### Task details
Strip out the pictures and output each remaining line of the data word for word.

### Stored data
== Segment start ==

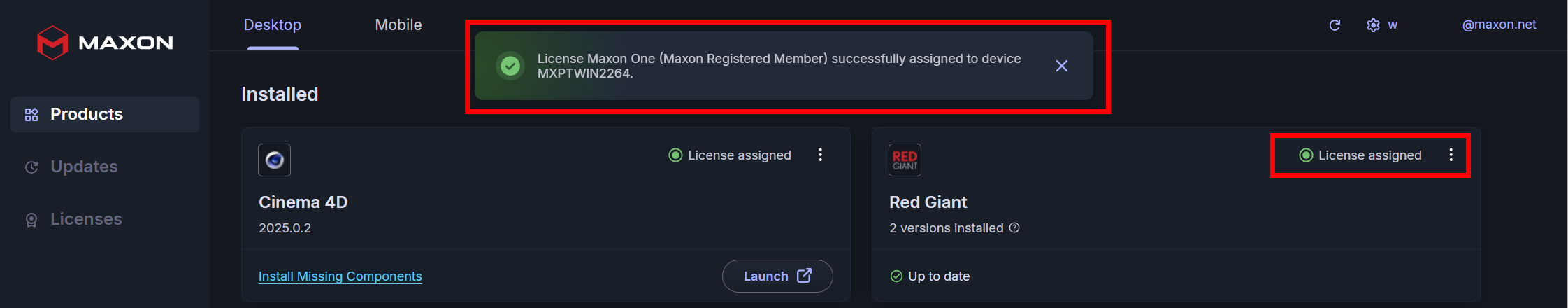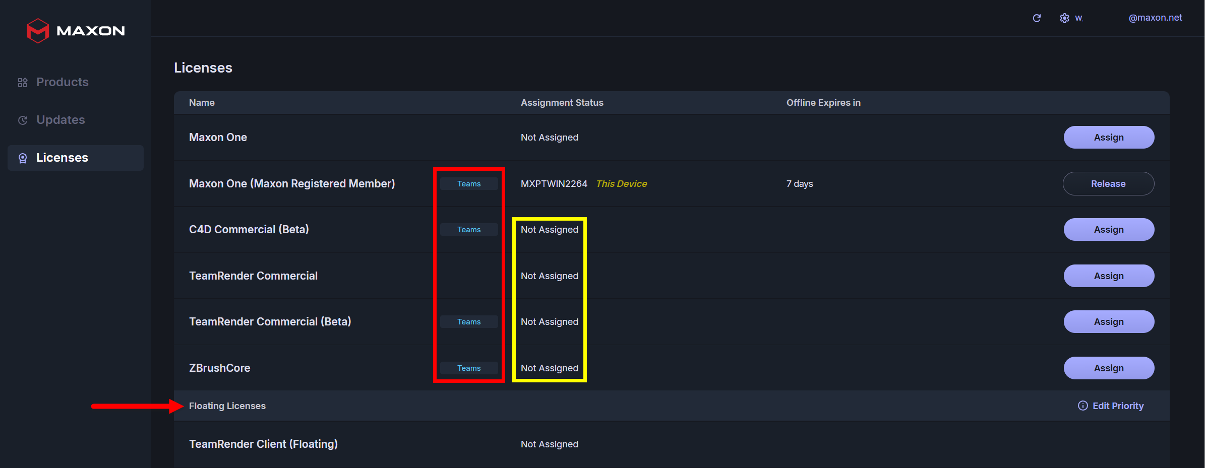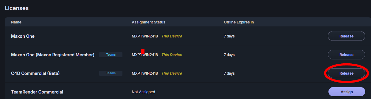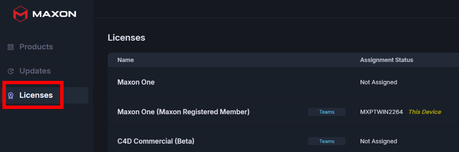 As you've seen elsewhere in this user guide, Maxon App supports a range of Maxon software licenses and tools for managing those licenses. Historically, license management has been done through the user portal at Maxon.net. (For example, you can find a full breakdown of the web-based Teams Dashboard here.) Today, this functionality and more can also be conveniently handled within the Maxon App via the Licenses tab.
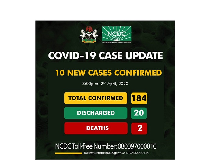 It added that as at 08:00 pm 2nd April there are 184 confirmed cases of #COVID19 reported in Nigeria. Twenty have been discharged with two deaths
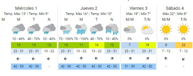 Para el viernes, el SMN anticipa una mejora en las condiciones, ya sin lluvias, con cielo parcialmente nublado, con temperaturas entre los 7 y 18 grados.
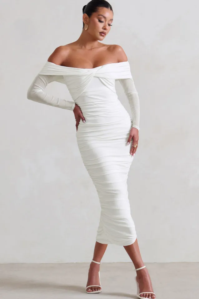 A fine layer of soft white mesh adds a delicate touch to our darling Neva dress. Crafted from a luxurious double-lined jersey with plenty stretch to sculpt your silhouette, this midi dress boasts a twisted Bardot neckline, long sheer sleeves and ruching throughout. Pair our Neva with classic gold hoops for the prefect party ensemble.Features – Premium stretch jersey and mesh- Fully ruched- Twisted Bardot neckline- Long sheer sleeves- Invisible zip closure- Split hem- Midi lengthSizing & Fit Model is 5’8.5 and wears UK size 8/US size 4Product Information Designed exclusively by Club L London Double layered with good stretchPremium jersey and mesh in White (95% Polyester, 5% Elastane)120cm total length

== Segment end ==

### Expected output
 As you've seen elsewhere in this user guide, Maxon App supports a range of Maxon software licenses and tools for managing those licenses. Historically, license management has been done through the user portal at Maxon.net. (For example, you can find a full breakdown of the web-based Teams Dashboard here.) Today, this functionality and more can also be conveniently handled within the Maxon App via the Licenses tab.
 It added that as at 08:00 pm 2nd April there are 184 confirmed cases of #COVID19 reported in Nigeria. Twenty have been discharged with two deaths
 Para el viernes, el SMN anticipa una mejora en las condiciones, ya sin lluvias, con cielo parcialmente nublado, con temperaturas entre los 7 y 18 grados.
 A fine layer of soft white mesh adds a delicate touch to our darling Neva dress. Crafted from a luxurious double-lined jersey with plenty stretch to sculpt your silhouette, this midi dress boasts a twisted Bardot neckline, long sheer sleeves and ruching throughout. Pair our Neva with classic gold hoops for the prefect party ensemble.Features – Premium stretch jersey and mesh- Fully ruched- Twisted Bardot neckline- Long sheer sleeves- Invisible zip closure- Split hem- Midi lengthSizing & Fit Model is 5’8.5 and wears UK size 8/US size 4Product Information Designed exclusively by Club L London Double layered with good stretchPremium jersey and mesh in White (95% Polyester, 5% Elastane)120cm total length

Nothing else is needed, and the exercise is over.